The results of the analyses to evaluate internal consistency and test-retest reliability are shown in Table 4. The ωH value for the general depression factor was 0.855. The ωH valus for “somatic”, “depressed affect”, “positive affect” and “interpersonal problems” were 0.434, 0.038, 0.738 and 0.730, respectively.

383 subjects were successfully contacted 2-weeks after the baseline interview. Test-retest reliability was assessed in 58 subjects (15.1%) who had no change in their PHQ-9 score over the 2-week period. The ICC of the CES-D was 0.91. The reliability of the CES-D was supported.

Sensitivity

The results of the analyses to examine sensitivity to differentiate between subjects with depression and those without depression are shown in Table 4. The prevalence of doctor diagnosed depression was 7.50%. Statistically significant differences were detected between the two groups by the CES-D (effect size 0.97), the PHQ-9 (effect size 0.94) and the SF-12 v2 MCS (effect size 0.88). Furthermore, the CES-D, PHQ-9 and SF-12 v2 MCS were sensitive enough to detect differences between subjects, with an AUC >0.7 for all instruments. Among these three instruments, the CES-D had the largest AUC (0.75) confirming the sensitivity of the CES-D. The ROC curve for the sensitivity analysis shows in S2 Fig.

Responsiveness

The results of the analyses to evaluate internal responsiveness are shown in Table 5. The groupings were based on the PHQ-9 scores. The CES-D total score reduced significantly (i.e. symptom improvement) in subjects with reduced depressive symptoms, with Cohen’s d effect size and SRM >0.8. The SF-12 v2 MCS also detected a statistically significant improvement in those subjects but the effect size statistics of the SF-12 v2 MCS were smaller than those of the CES-D. Moreover, both CES-D and SF-12 v2 MCS had statistically significant improvements in subjects whose PHQ-9 score had no change. Compared with patients with improved depressive symptoms, the effect size statistics of the CES-D and SF-12 v2 MCS were smaller in patients with stable depressive symptoms. The CES-D detected a statistically significant deterioration in subjects with worsened PHQ-9 score with all effect size statistics >0.2. On the contrary, the SF-12 v2 MCS could not detect any statistically significant differences in patients with worsened PHQ-9 scores.

thumbnail
Table 5. The responsiveness of the CES-D and the SF-12 v2 MCS.

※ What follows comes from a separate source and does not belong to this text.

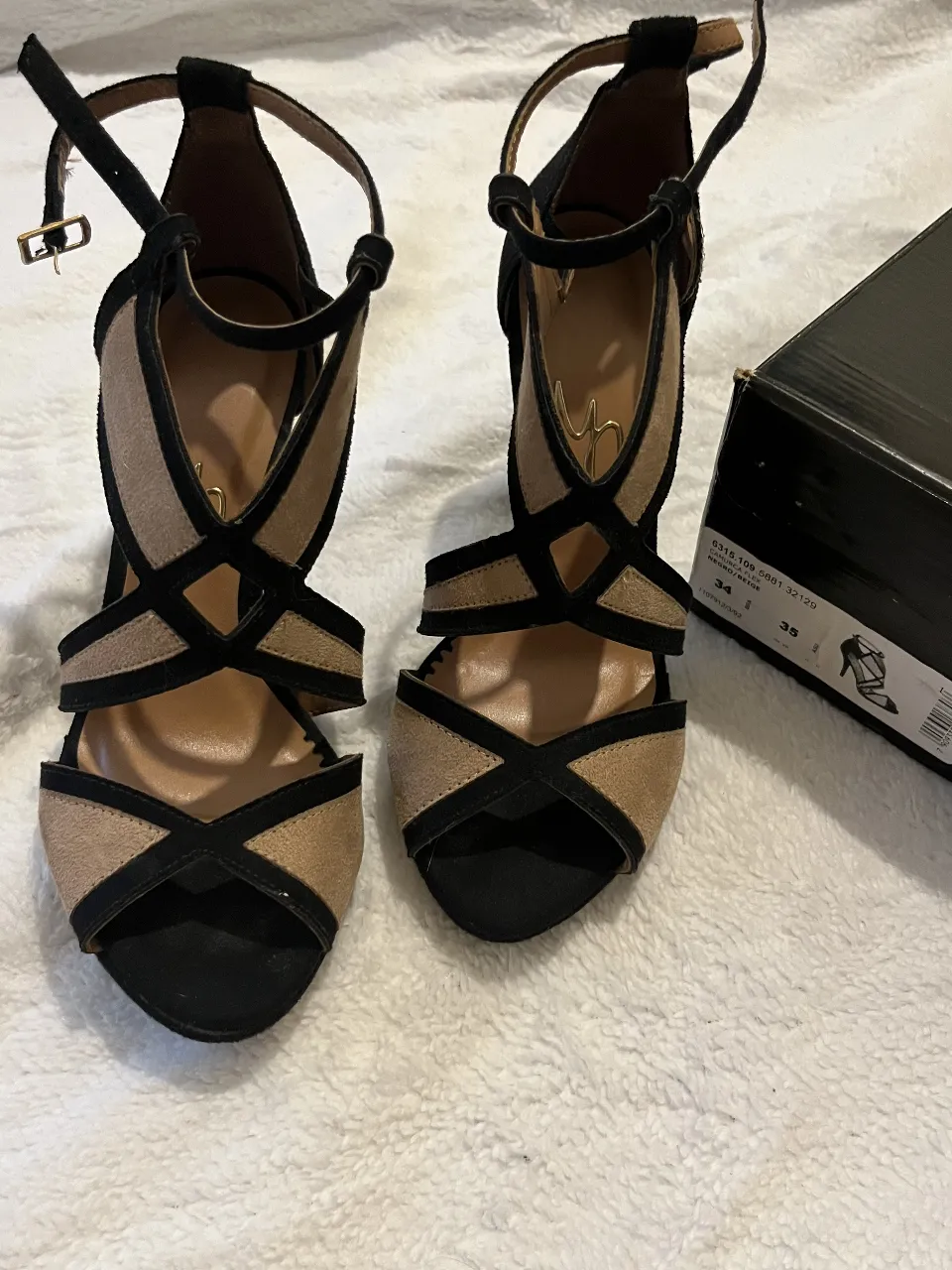 Sandalias de fiesta con tiras cruzadas en negro y beige. Taco alto fino y pulsera al tobillo para un ajuste perfecto. Ideales para complementar tu look en eventos especiales.

https://doi.org/10.1371/journal.pone.0135131.t005

The results of the analyses assessing the external responsiveness are shown in Table 5. The differences in the mean change between the improved and stable/ worsened groups were statistically significant for the CES-D and the SF-12 v2 MCS. With a cut-off AUC>0.7, the CES-D (AUC = 0.75) but not the PHQ-9 (AUC = 0.64) was adequate to differentiate subjects who improved and those with stable or worsened depressive symptoms. The ROC curve for external responsiveness is shown in S2 Fig.

Discussion

Our analyses confirmed that the CES-D is valid for use amongst Chinese adult primary care patients in Hong Kong. Although the best fitting factor model was the bi-factor model, Radolff’s four-factor model was also satisfactory. Our findings help to strengthen the rationale for using the CES-D to screen for depressive symptoms, to monitor disease progression, and that the instrument is valid for use in cross-cultural comparative studies.

Factor structure

Our comparison of three competing factor structure models found that although the original four factor model was adequate, the data set fit better into a bi-factor model. The general depression factor was more dominant than other specific factors, particularly for “somatic complaints” and “depressed affects”. It has been suggested that the “positive affect” items are not part of the general depression factor and that a total CES-D score should be summed without the positive affect items. The positive affect items should instead be added together to generate a subscale score [14]. Despite a satisfactory model fit, both the “positive affect” and “interpersonal problems” items may not be part of the “general depression” factor as the items of these two domains had higher factor loading on the corresponding factors. Based on this, we suggest that if a bi-factor model is to be used, that the item scores for “somatic complaints” and “depressed affect” can be added together to generate a summary score, whilst two individual summary scores for “positive affect” and “interpersonal problems” can be generated respectively

Construct validity

In the analysis of the item-total correlation, two question items (item 4: ‘Feeling as good as others’ and item 11: ‘Restless sleep’) did not reach the recommended cut-off point of 0.4, suggesting that the responses to these items may be less related to the other indicators of depressive symptoms. Furthermore, the mean scores of these items were much higher than the mean scores of most other CES-D items, which might lead to poorer correlations. Other studies have also reported low item-total correlations for these two items [46, 47]. In the Hong Kong context, item 4 could easily be interpreted as a comparison of general living standards, while item 11 could potentially be misinterpreted as sleep deprivation due to the engagement of bed-time social activities, work-related stress, ageing, etc.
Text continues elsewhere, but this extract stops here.